A "zombie" producer is an old instance that is still running after being replaced (e.g., after a restart or failover). Without fencing, the zombie could commit a transaction that conflicts with the new producer. Kafka uses the epoch mechanism to fence zombies.
- Each transactional.id has an associated epoch stored in the transaction coordinator.
- When a new producer calls initTransactions() with the same transactional.id, the epoch is incremented.
- Any message from the old producer (with the old epoch) is rejected with ProducerFencedException.
- The zombie's pending transaction is aborted by the coordinator.
// On ProducerFencedException — do NOT call abortTransaction(), just close and exit
try {
producer.send(...);
producer.commitTransaction();
} catch (ProducerFencedException e) {
log.error("This producer instance was fenced — a newer instance took over", e);
producer.close(); // Close immediately — do not abort, do not retry
System.exit(1); // Let the orchestrator restart this pod
}
Kafka Streams provides exactly-once processing with a single config flag. Internally it uses transactions to atomically commit output records and consumer offsets per processing batch.

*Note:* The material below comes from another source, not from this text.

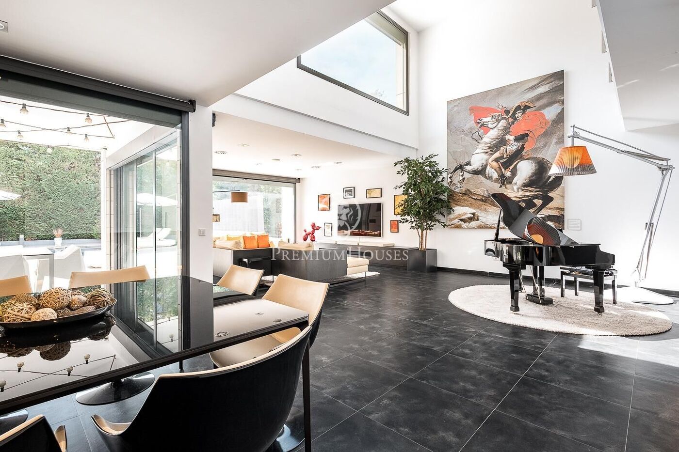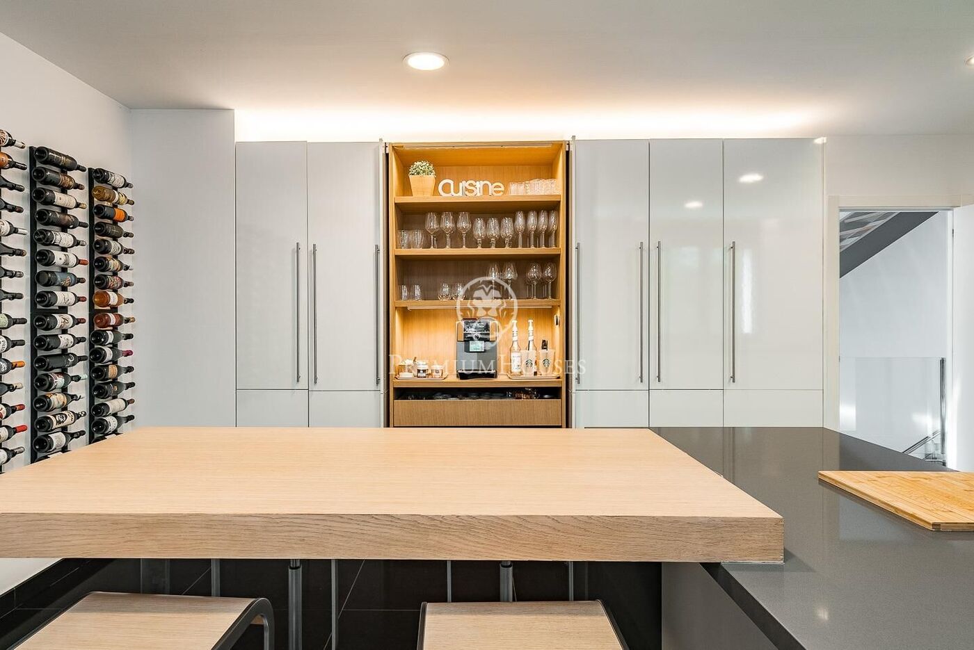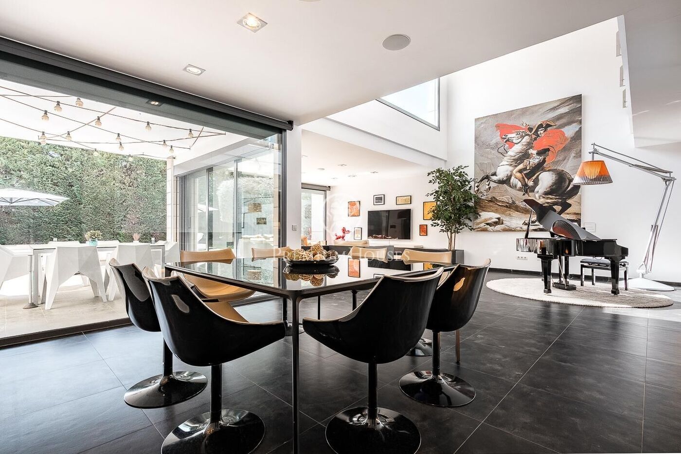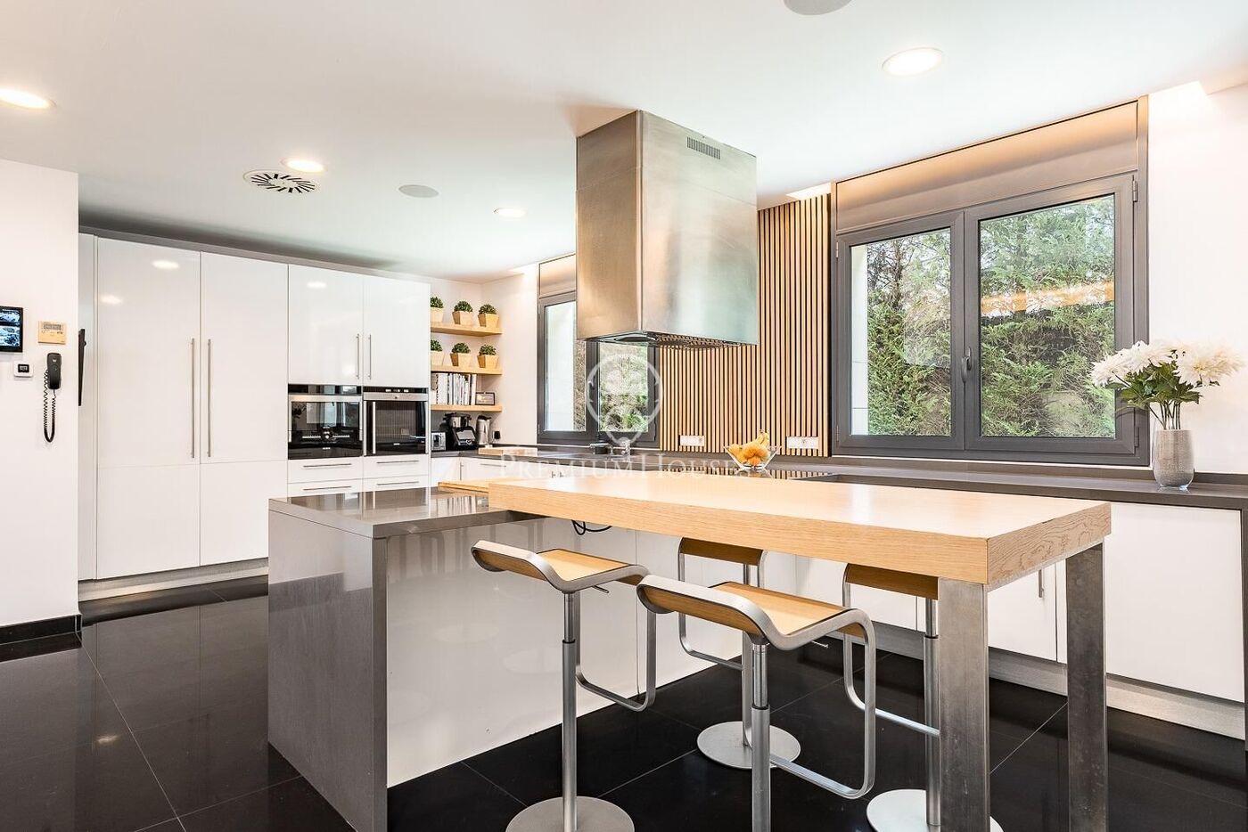 This stunning contemporary-style residence is located in one of the most peaceful and verdant areas of Valldoreix, offering a lifestyle defined by design and privacy. Spanning over 600 sqm, the property unfolds across four levels connected by a convenient elevator, harmoniously integrating with a landscaped plot designed for relaxation. On the main floor, the spectacular double-height living and dining room captivates with its brightness, thanks to large floor-to-ceiling windows that lead directly to the porch and pool area. A minimalist fireplace anchors the room, adding warmth to an open-plan space that flows into a high-end modern kitchen, featuring a central island and a daily breakfast area. This level is completed by an office—perfect for remote work—and a guest powder room.

@Bean(name = KafkaStreamsDefaultConfiguration.DEFAULT_STREAMS_CONFIG_BEAN_NAME)
public KafkaStreamsConfiguration streamsConfig() {
Map<String, Object> props = new HashMap<>();
props.put(StreamsConfig.APPLICATION_ID_CONFIG, "order-processor");
props.put(StreamsConfig.BOOTSTRAP_SERVERS_CONFIG, "kafka:9092");
// EOS v2 — recommended for Kafka 2.6+
// Uses one transactional producer per task (more efficient than v1's per-thread model)

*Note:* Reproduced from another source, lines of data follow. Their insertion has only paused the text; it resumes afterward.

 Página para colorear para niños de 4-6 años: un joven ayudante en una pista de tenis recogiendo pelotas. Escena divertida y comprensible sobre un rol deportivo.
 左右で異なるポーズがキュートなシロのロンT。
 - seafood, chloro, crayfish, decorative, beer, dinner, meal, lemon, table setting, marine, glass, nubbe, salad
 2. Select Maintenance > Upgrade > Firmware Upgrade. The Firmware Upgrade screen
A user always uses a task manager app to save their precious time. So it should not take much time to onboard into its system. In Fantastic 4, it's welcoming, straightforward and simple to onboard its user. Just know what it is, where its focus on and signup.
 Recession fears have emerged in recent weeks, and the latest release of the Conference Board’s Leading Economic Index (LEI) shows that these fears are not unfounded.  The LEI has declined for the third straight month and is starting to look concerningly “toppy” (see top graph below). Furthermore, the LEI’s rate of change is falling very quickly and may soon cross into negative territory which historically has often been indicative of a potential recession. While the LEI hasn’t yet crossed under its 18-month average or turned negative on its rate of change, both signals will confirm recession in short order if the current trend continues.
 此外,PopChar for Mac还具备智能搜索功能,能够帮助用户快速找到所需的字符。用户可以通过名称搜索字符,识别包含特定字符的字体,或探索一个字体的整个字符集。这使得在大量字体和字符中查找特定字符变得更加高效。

props.put(StreamsConfig.PROCESSING_GUARANTEE_CONFIG, StreamsConfig.EXACTLY_ONCE_V2);
// Commit interval — how often to flush transactions (default 100ms for EOS)
props.put(StreamsConfig.COMMIT_INTERVAL_MS_CONFIG, 100);
return new KafkaStreamsConfiguration(props);
}
| EOS Version | Config Value | Kafka Version | Notes |
| EOS v1 (alpha) | exactly_once | Kafka 0.11+ | One producer per thread — deprecated |
| EOS v2 (beta) | exactly_once_beta | Kafka 2.5 | One producer per task — more efficient |
| EOS v2 (stable) | exactly_once_v2 | Kafka 2.6+ | Recommended — use this |
Spring Kafka wraps the transactional producer lifecycle with KafkaTransactionManager and @Transactional.
# application.yml
spring:
kafka:
producer:
transaction-id-prefix: "tx-payment-" # enables transactions; suffix is appended per producer
acks: all
properties:
enable.idempotence: true
// Spring auto-configures KafkaTransactionManager when transaction-id-prefix is set
@Service
public class PaymentService {
private final KafkaTemplate<String, String> kafka;
// @Transactional wraps all kafka.send() calls in a single Kafka transaction
@Transactional("kafkaTransactionManager")
public void processPayment(Payment payment) {
kafka.send("payment.processed", payment.getId(), toJson(payment));
kafka.send("account.debited", payment.getAccountId(), toJson(debit(payment)));
// If an exception is thrown here, both sends are aborted atomically
}
}
// Combining a Kafka transaction with a DB transaction — requires ChainedTransactionManager
// or handling rollback manually (Kafka and DB transactions cannot be made truly atomic)
@Transactional // DB transaction
public void processPaymentWithDb(Payment payment) {
paymentRepo.save(payment); // DB write
kafkaTemplate.executeInTransaction(producer -> {
producer.send("payment.processed", payment.getId(), toJson(payment));
return null;
});
// Note: if Kafka commit succeeds but DB commit fails, they are out of sync
// Use the Outbox Pattern instead for true atomicity across DB + Kafka
}
- Use EOS when duplicate processing causes real harm — financial transactions, inventory deductions, billing events.
- Avoid EOS for analytics pipelines where duplicates can be deduplicated downstream cheaply (e.g., COUNT DISTINCT in a data warehouse).
- Latency cost: EOS adds ~2× end-to-end latency due to the two-phase commit protocol between producer, transaction coordinator, and partition leaders.
- Throughput cost: 20–30% throughput reduction compared to at-least-once with the same hardware.
- Alternative: At-least-once + idempotent consumers is often simpler and nearly as safe. Use enable.idempotence=true on the producer and handle deduplication in the consumer using a processed-event table or natural keys.